Information shown Start Marker

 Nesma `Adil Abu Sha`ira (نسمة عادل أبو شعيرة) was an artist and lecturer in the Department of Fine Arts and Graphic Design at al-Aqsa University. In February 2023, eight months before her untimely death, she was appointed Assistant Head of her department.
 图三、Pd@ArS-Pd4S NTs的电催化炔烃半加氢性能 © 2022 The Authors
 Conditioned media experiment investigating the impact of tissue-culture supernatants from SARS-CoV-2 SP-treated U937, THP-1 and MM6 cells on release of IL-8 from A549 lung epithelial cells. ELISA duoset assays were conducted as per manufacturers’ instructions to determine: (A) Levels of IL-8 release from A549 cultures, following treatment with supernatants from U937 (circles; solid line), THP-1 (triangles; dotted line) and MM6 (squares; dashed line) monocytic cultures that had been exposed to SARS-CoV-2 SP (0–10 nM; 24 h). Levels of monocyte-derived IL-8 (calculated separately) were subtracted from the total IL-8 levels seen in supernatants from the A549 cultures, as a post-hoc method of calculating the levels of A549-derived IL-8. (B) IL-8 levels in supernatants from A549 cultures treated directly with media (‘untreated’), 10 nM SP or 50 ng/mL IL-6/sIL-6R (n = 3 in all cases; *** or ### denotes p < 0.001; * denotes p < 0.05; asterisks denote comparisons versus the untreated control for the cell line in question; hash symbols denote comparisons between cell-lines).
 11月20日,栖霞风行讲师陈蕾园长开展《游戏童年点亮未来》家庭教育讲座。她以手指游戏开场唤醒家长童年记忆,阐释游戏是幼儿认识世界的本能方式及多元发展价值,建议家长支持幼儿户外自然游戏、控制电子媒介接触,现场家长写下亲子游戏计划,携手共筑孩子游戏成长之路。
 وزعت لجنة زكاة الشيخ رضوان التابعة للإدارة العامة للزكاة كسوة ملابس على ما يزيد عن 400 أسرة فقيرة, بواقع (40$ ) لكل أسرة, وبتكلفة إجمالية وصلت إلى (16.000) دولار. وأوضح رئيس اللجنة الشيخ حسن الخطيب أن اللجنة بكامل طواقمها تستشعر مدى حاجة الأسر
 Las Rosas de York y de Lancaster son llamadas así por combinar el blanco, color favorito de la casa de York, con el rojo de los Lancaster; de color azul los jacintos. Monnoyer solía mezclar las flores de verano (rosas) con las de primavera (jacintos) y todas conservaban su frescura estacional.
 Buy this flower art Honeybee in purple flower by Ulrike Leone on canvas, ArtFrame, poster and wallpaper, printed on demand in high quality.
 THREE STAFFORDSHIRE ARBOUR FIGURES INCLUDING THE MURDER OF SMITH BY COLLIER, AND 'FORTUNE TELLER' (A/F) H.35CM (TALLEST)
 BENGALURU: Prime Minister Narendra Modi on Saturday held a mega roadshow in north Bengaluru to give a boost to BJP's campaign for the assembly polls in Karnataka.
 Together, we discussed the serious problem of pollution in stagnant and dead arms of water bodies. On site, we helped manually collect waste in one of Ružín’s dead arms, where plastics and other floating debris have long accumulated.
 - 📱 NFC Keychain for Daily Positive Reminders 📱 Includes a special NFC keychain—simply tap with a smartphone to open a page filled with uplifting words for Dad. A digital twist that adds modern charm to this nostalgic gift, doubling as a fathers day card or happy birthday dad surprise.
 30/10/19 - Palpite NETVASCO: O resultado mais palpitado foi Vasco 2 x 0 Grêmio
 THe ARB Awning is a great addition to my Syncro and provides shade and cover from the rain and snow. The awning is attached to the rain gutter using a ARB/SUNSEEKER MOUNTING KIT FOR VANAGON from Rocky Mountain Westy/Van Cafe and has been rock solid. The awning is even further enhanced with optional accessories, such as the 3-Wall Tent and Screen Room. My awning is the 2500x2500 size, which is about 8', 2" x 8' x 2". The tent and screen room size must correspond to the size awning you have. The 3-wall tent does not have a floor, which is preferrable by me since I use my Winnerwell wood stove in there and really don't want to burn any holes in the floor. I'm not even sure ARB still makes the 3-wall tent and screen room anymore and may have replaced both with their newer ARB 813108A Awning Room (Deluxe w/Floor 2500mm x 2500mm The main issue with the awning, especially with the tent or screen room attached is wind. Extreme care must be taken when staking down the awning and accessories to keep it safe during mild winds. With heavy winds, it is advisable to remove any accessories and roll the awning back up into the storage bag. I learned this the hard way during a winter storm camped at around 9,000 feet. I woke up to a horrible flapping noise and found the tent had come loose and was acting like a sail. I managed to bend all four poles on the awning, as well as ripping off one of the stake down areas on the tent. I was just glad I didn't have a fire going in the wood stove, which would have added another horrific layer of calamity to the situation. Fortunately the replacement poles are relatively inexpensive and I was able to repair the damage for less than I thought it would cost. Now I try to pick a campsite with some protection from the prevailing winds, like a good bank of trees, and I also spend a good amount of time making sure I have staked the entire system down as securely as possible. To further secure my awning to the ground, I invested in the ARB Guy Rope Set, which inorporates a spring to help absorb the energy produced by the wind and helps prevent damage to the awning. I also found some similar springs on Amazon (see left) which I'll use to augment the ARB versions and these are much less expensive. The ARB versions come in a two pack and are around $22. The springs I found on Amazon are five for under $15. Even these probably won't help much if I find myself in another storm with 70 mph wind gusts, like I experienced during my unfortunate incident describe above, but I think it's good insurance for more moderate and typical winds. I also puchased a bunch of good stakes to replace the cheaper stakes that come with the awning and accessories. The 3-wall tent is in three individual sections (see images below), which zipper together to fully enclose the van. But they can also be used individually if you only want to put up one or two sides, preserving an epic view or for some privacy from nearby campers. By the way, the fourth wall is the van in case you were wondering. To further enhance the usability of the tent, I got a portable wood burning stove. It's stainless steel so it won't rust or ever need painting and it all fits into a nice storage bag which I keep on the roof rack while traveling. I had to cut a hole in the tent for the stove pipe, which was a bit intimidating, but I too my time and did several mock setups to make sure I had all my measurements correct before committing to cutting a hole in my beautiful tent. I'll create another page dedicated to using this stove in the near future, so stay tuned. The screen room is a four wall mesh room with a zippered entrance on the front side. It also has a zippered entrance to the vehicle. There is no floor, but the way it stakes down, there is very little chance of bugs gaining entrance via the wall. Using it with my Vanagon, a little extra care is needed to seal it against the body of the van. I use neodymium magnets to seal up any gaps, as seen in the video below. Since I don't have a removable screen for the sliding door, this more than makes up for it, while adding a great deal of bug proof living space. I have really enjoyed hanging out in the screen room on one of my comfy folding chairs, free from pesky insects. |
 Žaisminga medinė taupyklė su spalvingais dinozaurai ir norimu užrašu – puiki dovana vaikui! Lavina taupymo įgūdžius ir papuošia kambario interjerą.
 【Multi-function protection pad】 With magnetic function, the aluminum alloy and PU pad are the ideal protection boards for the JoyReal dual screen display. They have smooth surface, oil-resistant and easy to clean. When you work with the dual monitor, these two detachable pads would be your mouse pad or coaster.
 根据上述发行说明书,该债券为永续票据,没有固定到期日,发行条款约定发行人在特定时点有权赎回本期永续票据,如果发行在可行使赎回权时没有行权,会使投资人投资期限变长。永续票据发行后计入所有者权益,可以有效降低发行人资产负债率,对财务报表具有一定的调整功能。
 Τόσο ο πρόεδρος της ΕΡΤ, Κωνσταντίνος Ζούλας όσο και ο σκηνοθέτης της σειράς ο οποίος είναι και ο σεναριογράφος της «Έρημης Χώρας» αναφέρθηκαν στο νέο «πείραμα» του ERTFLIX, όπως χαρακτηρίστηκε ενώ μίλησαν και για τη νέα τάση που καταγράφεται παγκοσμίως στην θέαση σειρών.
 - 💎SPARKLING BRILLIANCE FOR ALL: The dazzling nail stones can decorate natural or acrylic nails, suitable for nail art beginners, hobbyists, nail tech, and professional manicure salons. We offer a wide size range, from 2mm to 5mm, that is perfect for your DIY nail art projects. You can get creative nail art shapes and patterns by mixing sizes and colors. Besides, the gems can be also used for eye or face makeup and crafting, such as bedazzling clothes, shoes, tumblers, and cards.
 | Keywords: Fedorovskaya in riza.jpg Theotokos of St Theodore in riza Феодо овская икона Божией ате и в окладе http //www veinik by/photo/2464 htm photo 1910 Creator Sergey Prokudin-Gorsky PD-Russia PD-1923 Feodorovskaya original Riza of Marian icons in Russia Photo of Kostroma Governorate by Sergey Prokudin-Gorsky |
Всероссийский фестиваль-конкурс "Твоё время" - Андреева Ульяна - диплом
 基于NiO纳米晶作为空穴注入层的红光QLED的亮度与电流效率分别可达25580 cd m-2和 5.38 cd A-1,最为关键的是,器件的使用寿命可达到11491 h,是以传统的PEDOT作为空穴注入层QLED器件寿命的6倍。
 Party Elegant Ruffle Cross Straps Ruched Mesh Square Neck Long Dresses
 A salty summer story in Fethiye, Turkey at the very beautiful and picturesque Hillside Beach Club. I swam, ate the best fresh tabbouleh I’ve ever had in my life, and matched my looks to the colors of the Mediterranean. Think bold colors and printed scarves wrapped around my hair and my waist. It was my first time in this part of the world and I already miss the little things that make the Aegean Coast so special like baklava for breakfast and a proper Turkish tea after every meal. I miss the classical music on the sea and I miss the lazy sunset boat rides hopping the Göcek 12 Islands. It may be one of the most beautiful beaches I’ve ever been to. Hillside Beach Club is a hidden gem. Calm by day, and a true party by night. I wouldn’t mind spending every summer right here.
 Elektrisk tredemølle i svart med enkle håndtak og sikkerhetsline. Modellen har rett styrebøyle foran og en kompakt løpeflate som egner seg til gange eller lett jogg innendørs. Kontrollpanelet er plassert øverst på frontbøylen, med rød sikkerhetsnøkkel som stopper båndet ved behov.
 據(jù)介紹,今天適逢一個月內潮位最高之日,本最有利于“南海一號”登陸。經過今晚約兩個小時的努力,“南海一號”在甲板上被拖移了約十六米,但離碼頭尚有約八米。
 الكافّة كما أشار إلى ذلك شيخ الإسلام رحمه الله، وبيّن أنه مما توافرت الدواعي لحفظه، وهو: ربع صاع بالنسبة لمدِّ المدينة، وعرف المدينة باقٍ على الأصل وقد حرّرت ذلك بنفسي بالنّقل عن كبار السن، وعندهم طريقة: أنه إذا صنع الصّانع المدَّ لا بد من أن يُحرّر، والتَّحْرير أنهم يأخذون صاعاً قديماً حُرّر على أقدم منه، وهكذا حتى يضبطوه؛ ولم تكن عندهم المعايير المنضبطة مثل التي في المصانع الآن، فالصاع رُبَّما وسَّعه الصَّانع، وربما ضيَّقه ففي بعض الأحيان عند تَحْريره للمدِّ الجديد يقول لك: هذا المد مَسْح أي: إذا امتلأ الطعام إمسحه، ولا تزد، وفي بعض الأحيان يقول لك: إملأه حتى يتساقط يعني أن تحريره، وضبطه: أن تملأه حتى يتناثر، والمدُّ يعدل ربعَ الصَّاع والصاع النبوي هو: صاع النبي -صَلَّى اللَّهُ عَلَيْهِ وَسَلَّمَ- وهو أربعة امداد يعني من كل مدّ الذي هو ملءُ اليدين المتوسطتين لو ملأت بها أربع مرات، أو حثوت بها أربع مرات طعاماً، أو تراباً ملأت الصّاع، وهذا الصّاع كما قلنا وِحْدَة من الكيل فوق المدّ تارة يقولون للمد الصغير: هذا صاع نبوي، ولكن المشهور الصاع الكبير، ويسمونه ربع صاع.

Information shown End Marker

» Exercise requirements: Beginning with the line above that contains "pad or coaster.", copy each line exactly up to and including the line that contains "Party Elegant Ruffle", and go no further.

» Task solution:
 【Multi-function protection pad】 With magnetic function, the aluminum alloy and PU pad are the ideal protection boards for the JoyReal dual screen display. They have smooth surface, oil-resistant and easy to clean. When you work with the dual monitor, these two detachable pads would be your mouse pad or coaster.
 根据上述发行说明书,该债券为永续票据,没有固定到期日,发行条款约定发行人在特定时点有权赎回本期永续票据,如果发行在可行使赎回权时没有行权,会使投资人投资期限变长。永续票据发行后计入所有者权益,可以有效降低发行人资产负债率,对财务报表具有一定的调整功能。
 Τόσο ο πρόεδρος της ΕΡΤ, Κωνσταντίνος Ζούλας όσο και ο σκηνοθέτης της σειράς ο οποίος είναι και ο σεναριογράφος της «Έρημης Χώρας» αναφέρθηκαν στο νέο «πείραμα» του ERTFLIX, όπως χαρακτηρίστηκε ενώ μίλησαν και για τη νέα τάση που καταγράφεται παγκοσμίως στην θέαση σειρών.
 - 💎SPARKLING BRILLIANCE FOR ALL: The dazzling nail stones can decorate natural or acrylic nails, suitable for nail art beginners, hobbyists, nail tech, and professional manicure salons. We offer a wide size range, from 2mm to 5mm, that is perfect for your DIY nail art projects. You can get creative nail art shapes and patterns by mixing sizes and colors. Besides, the gems can be also used for eye or face makeup and crafting, such as bedazzling clothes, shoes, tumblers, and cards.
 | Keywords: Fedorovskaya in riza.jpg Theotokos of St Theodore in riza Феодо овская икона Божией ате и в окладе http //www veinik by/photo/2464 htm photo 1910 Creator Sergey Prokudin-Gorsky PD-Russia PD-1923 Feodorovskaya original Riza of Marian icons in Russia Photo of Kostroma Governorate by Sergey Prokudin-Gorsky |
Всероссийский фестиваль-конкурс "Твоё время" - Андреева Ульяна - диплом
 基于NiO纳米晶作为空穴注入层的红光QLED的亮度与电流效率分别可达25580 cd m-2和 5.38 cd A-1,最为关键的是,器件的使用寿命可达到11491 h,是以传统的PEDOT作为空穴注入层QLED器件寿命的6倍。
 Party Elegant Ruffle Cross Straps Ruched Mesh Square Neck Long Dresses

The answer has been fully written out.